Ugh I can totally relate. Lately, I feel the same way. For example: I get in my car in the morning as I head to work and I can't remember if I turned my straightening iron off... so then I have to turn around and check. I do that ALOT.
 
The straight iron is a big one for me, too. Lately I've been getting in the habit of unplugging everything except my alarm clock just to make it a reliable habit; and I try to take a mental picture of unplugging the iron or space heater. In college I used to leave the clothes iron plugged in and turned on all the time. My roommate was always furious when i did that, and for good reason too.

Lanadefemme- I think that what Mal proposed as possibilities is the answer to my mindlessness. December was very stressful. So stressful for me at one point that I could barely eat because I constantly felt sick to my stomach. I'm pretty laid back person and it's been awhile since that's happened. It even messed up my cycle... I'm pretty regular with it being about28-30 days and this time it didn't show up for 40 days... which again was stressful since I have a boyfriend *cough cough*. And I was constantly busy between moving, two hectic weeks at work, my car breaking down (again :(), Jeff came back from a business trip, a friend of mine came to visit, then I went home for Christmas spur of the moment. I'm hoping that perhaps this month will be smoother.

Made it to kickboxing again last night. McPGTMN (Please God take me now!!! -- or my hottie instructor) is all about the kicks this week.
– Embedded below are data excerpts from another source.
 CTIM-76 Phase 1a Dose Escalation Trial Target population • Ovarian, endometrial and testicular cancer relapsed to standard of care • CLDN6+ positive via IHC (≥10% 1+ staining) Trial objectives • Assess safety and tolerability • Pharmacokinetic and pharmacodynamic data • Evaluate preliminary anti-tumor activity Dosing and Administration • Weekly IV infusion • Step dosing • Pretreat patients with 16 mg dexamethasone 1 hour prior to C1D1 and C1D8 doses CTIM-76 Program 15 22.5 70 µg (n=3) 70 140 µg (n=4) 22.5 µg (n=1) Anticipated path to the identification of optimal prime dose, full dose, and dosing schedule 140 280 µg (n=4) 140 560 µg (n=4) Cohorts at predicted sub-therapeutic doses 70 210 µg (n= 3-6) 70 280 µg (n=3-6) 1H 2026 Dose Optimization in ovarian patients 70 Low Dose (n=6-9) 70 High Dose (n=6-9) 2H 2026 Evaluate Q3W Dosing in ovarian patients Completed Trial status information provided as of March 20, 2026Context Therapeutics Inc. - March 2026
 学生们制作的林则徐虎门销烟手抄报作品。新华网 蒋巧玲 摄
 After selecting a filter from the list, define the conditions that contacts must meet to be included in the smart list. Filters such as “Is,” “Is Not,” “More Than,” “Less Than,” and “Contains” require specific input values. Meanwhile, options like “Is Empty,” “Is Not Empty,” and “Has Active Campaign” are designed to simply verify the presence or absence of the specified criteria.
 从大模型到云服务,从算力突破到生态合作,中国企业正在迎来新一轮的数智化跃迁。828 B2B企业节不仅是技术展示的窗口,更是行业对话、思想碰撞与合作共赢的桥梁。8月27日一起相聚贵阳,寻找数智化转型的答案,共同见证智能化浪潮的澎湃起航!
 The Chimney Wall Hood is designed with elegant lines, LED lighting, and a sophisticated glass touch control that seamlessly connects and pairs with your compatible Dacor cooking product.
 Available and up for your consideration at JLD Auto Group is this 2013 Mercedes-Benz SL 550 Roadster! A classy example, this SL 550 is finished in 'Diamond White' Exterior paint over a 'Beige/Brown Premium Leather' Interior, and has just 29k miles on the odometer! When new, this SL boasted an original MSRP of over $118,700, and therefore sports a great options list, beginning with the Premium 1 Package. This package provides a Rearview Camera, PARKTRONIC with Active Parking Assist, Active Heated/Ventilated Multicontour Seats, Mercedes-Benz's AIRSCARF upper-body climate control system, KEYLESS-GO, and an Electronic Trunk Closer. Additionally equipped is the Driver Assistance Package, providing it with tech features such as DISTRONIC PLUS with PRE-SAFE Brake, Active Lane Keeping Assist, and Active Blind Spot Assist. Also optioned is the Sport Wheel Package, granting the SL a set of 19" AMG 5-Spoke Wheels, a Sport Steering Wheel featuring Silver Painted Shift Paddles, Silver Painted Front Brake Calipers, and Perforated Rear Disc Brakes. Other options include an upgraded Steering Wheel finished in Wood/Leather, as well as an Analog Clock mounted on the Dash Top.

I've got some nice bruises from really giving it hard to the bag. But tonight I am skipping class in lieu of a date night with Jeff. If I go to class I will be too exhausted afterward to do anything and I'll want to go to sleep early.
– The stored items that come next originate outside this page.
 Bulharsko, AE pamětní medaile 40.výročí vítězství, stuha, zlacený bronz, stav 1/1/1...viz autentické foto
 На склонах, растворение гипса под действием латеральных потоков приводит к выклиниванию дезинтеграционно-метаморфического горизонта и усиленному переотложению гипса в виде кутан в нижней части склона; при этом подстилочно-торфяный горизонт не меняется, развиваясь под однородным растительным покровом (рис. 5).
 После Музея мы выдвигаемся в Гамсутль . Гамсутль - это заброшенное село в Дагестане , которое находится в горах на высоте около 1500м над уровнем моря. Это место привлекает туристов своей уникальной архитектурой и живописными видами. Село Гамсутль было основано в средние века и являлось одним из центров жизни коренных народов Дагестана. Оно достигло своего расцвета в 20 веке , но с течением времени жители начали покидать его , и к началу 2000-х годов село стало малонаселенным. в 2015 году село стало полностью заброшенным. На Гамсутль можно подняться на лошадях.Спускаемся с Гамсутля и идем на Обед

And one rant about my gym where I really have no other complaints...the women who show up to the class without a bra on. These girls are not in the itty bitty titty club either. They show up braless in spaghetti strap flimsy stretchy shirts and not only does it just irk me because I think it's tasteless... it's not good for breast tissue. You don't just stand in front of the the bag and punch. There is running, push-ups, lunges, crawling, squats, and all sorts of different things that contort your body 1000 different ways in 50 minutes. What good is an in shape 20-30 something year old body when your tits are at your knees?
 
But tonight I am skipping class in lieu of a date night with Jeff.
YAY have fun...
If I go to class I will be too exhausted afterward to do anything
oooh don't do anything i would :D Oh wait... no you can sleepin tomorrow - have oodles of fun doing everything i would do :D
 
oooh don't do anything i would :D Oh wait... no you can sleepin tomorrow - have oodles of fun doing everything i would do :D

Mal I can't tell if you have a dirty mind from that statement, or if I just have a dirty mind from what I think your inferring, or maybe both. But our date will be traditional Wendy's for dinner, then we're going to the observatory to do some star/planet/galaxy gazing (I hope it's a clear night!), and then we're going to the flight simulators and play around with different scenarios while flying. It's actually really cool because the simulators are designed to be exactly like flying a real plane but without ever lifting off. The FAA actually uses them to train commercial plane pilots... it's the real shit.